The picture was clear: this was a classic outbreak of nerves puncturing a seemingly relentlessly cheerful, if rather dull, market mood. Finding a satisfying explanation, however, is more tricky.

After-the-fact rationalization number one is that investors finally woke up to the Delta variant of COVID-19. That makes some instinctive sense; in 2020, it took weeks of devastation in Asia from the initial outbreak of COVID-19 for western investors to take it seriously. It was not until northern Italy shut down in late February of that year that investors ran for safety in earnest. This could be a rerun.

Taking that argument further, some suggest that the bond market – a magnet in times of crisis – somehow understands the grim potential economic impact of Delta better than investors in the stock market. Hence, the more significant and lasting effect there.

Bond investors tend to have a keener eye on potential doom and disaster than their equity market peers. They can smell central bank stimulus from a mile away. But this explanation doesn’t really stack up. Equity investors read the newspapers, too. Genuine shifts in market sentiment, from benign and boring to worried and wobbly, do not tend to unwind completely within two days, as this episode did.

By the middle of the week, not only had bonds backed down again, but stocks were also marching higher.

The potential impact of Delta has been a known risk to investors for weeks. Its public-health implications are clearly a concern, and businesses are suffering with the so-called “pingdemic” of workers instructed by apps to isolate. But bluntly, Delta matters to markets only to the extent that it might push major economies back in to strict, economically punishing lockdowns. Right now, that seems politically toxic.

“We’re as worried as everyone else about the Delta variant,” wrote Oliver Brennan, senior macro strategist at Britain-based TS Lombard in a note. “But, objectively, our investment case is unswayed by the current virus wave: the link between cases and hospitalizations in this wave is weak. Don’t let your heart rule your head.”

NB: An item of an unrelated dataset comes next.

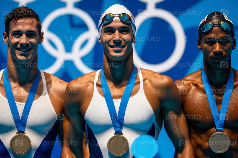 Награждение победителей чемпионов по спорту плавать в бассейне, летние Олимпийские игры соревнования AI Generative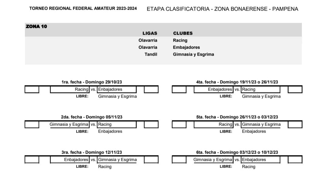 Velense, Sarmiento de Ayacucho y Atlético de Ayacucho, están en una zona de 4 equipos, mientras que Gimnasia y Esgrima participará en una zona de tres.

One senior bond-trading banker in London thinks he has the answer to what is really going on here. “Well, it is August.” Calendar confusion aside, his point is that markets are in holiday mode.

It’s quiet, moves are generally small and slow, and many traders and investors desperate for a change of scene have hit the beach. Such sleepy summer days are, in any year, often characterized by abrupt, seemingly random shocks in the associated poor trading conditions.

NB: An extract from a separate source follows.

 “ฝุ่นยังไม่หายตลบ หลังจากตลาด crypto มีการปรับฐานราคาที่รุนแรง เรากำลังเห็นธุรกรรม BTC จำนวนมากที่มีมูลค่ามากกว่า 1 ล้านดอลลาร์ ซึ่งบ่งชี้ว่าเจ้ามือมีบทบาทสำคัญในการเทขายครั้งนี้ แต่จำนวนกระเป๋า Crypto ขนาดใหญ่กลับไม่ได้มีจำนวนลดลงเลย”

“You often see these flights to quality, particularly during the summer,” says Mark Dowding, chief investment officer at BlueBay Asset Management LLP in London. “A lot of the flow is down to the machines and the models and you are left scratching your head. You can have days like [last] Monday when it looks like the sky is falling, then you have other days when it’s all Goldilocks.”

Bond investors and traders agree that “their” market is somewhat skittish at the moment, just as it was in the opposite direction in February. Then, yields shot higher alarmingly quickly in a rush among asset managers to dump bonds in preparation for higher growth and inflation. Now yields are demonstrating the same clunky, stop-start illiquidity on the way down.

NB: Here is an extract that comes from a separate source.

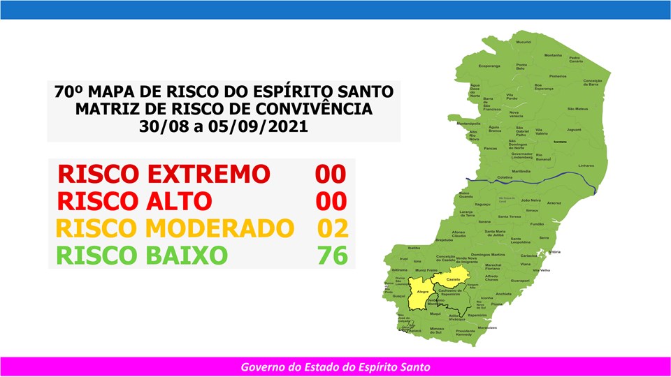 O Governo do Estado anunciou, nesta sexta-feira (27), o 70º Mapa de Risco Covid-19, que terá vigência desta segunda-feira (30) até o próximo domingo (05). Dos 78 municípios capixabas, 76 estão classificados em Risco Baixo e apenas dois (Alegre e Castelo) em Risco Moderado.

“The [U.S. Federal Reserve Board] has said, ‘We’re watching the data,’ so it’s not giving very clear leadership,” Mr. Dowding says, adding that this leaves the bond market a little unmoored.

Summertime silly season is not a new phenomenon. Nor, sadly, is the Delta variant. But both are likely to combine to create further slip-ups in the coming weeks and months.

Kasper Elmgreen, head of equities at Amundi SA in Dublin, says markets are starting to worry about what is “on the other side” of the COVID-19 pandemic after a very strong reflation trade.

“You can be double vaccinated and still get this. That was not the narrative last year. It’s less black and white,” he says.

Brace for bumps in the road, Mr. Elmgreen adds: “This is not a straight line. This was never going to be a straight line.”